Philip Ball is consultant editor for Nature, 4-6 Crinan Street, London N1 9XW, UK
New experimental techniques for mapping pathways and networks of cells are driving systems biology. One of the key developments was the invention of DNA microarrays, which provide an instantaneous snapshot of many thousands of ’active’ genes in a cell.
Microarrays consist of a grid of spots of single-stranded DNA tethered to a surface, in which each spot contains the DNA corresponding to a particular gene. If a gene in a cell is active this means that its RNA transcript is present in the cytoplasm, ready to be translated into a protein. This RNA is reverse-transcribed to produce the corresponding DNA, which is then fluorescently labelled and allowed to bind to its complementary sequence in the microarray. So spots that ’light up’ show the active genes.
Microarrays give an essentially cell-wide picture of changes in gene activity as cells change their behaviour. That, however, is not the same as knowing which genes interact with one another, so microarray experiments provide a vast amount of data that can be hard to interpret.

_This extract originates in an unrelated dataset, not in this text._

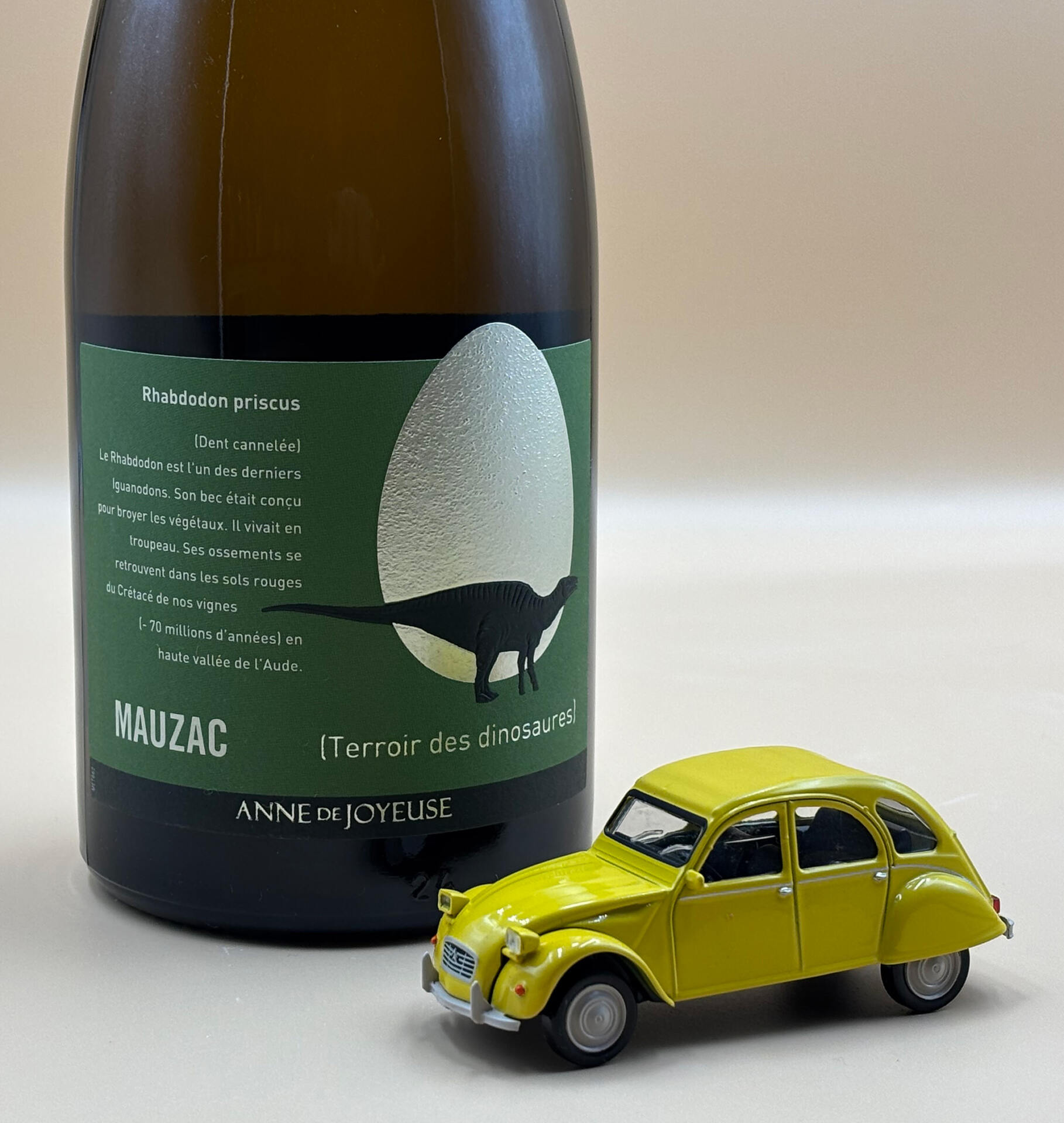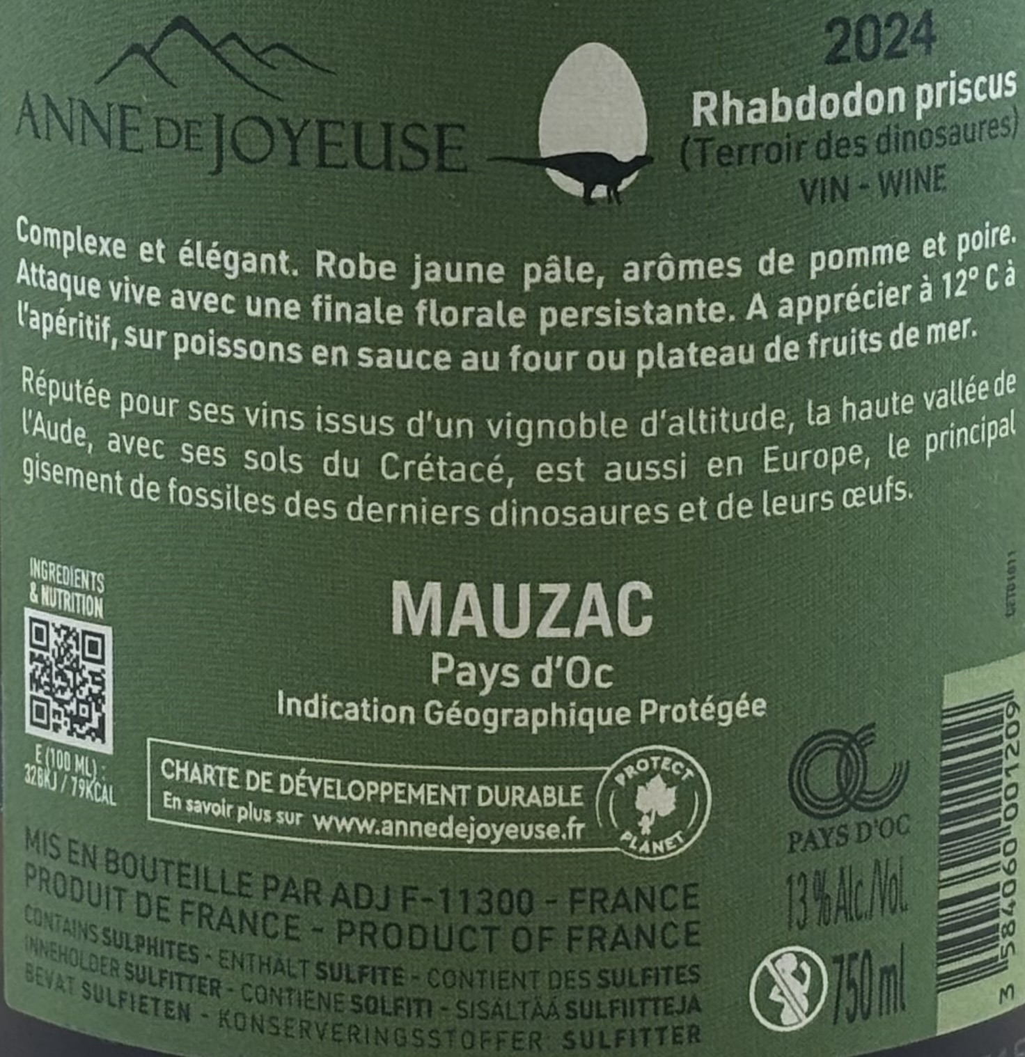 Detta vita vin kommer från Pays d’Oc i södra Frankrike och är producerat av Anne de Joyeuse. Vinet ingår i serien Terroir des dinosaures, som syftar på den högt belägna delen av Aude där vingårdarna ligger på gamla jordar från kritperioden i ett område som också är känt för fynd av dinosauriefossil. Det är ett vin med både regional karaktär och friskhet från de svalare höjderna.
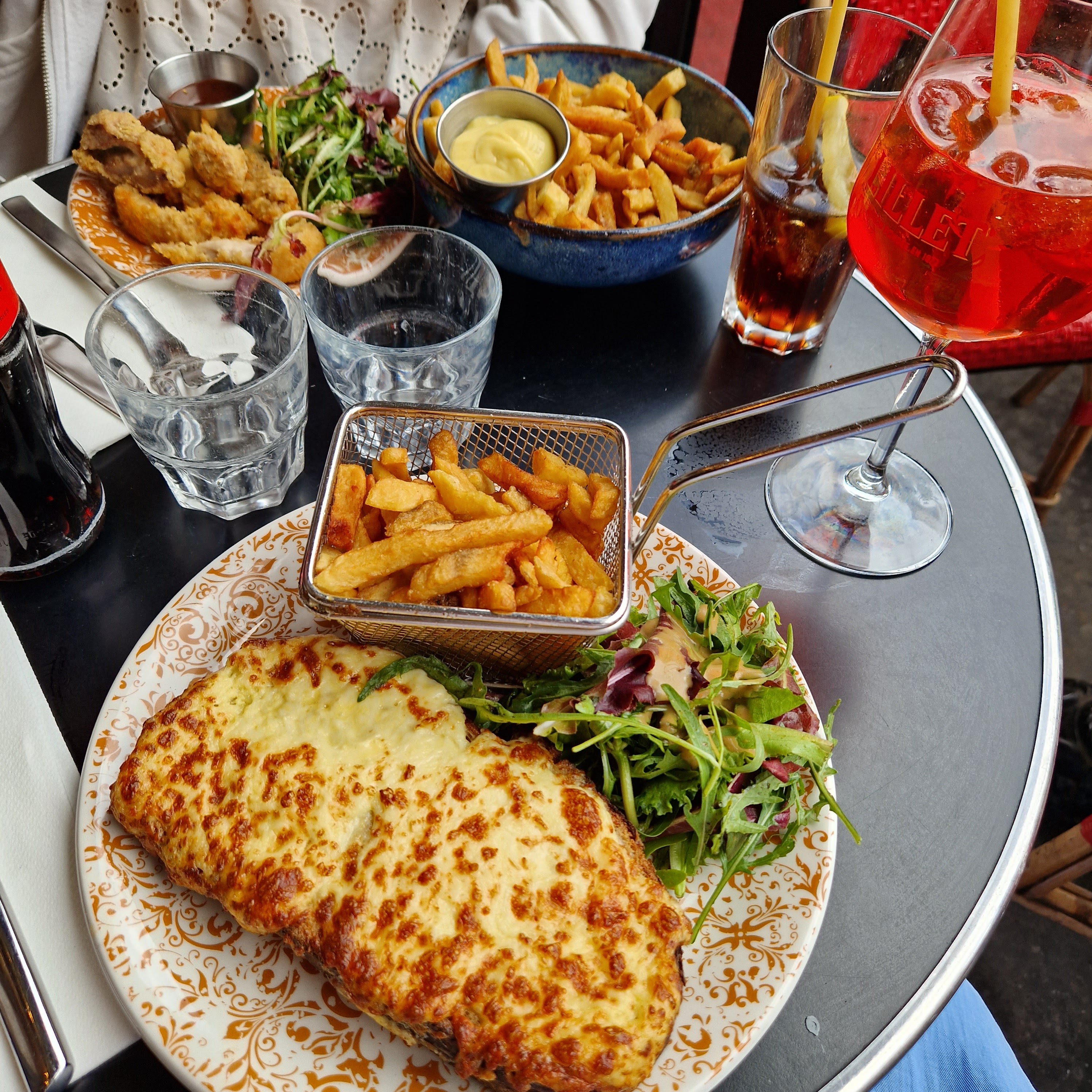 Vraiment déçu de notre repas ici ! La nourriture n'est pas sortie chaude. Nous avons trouvé une vien de poulet accrochée au poulet. Mon croc monsieur n'était pas aussi bon que j'en avais auparavant. C'était le pire endroit que j'ai visité à Paris pour manger.

Researchers are now aiming to produce similar techniques that work for proteins - but this is harder, because it can be laborious to find receptors that bind specifically to each individual protein. (Antibodies might do the job.) Mass spectrometry offers a relatively crude measure of the molecular components in a cell - not only proteins but also small molecules such as metabolites. But it can be a daunting job to try to assign specific molecules to the forest of peaks in a cell’s mass spectrum.
As well as these ’global’ methods, there are now techniques for identifying particular interactions between proteins and DNA, other proteins or metabolites. For protein-DNA interactions, a method called chromatin immunoprecipitation forges covalent crosslinks between the two molecules and then cuts up the DNA strand and extracts the protein-bound segment by precipitation with antibodies. A similar antibody-based method called co-immunoprecipitation can identify specific protein-protein interactions.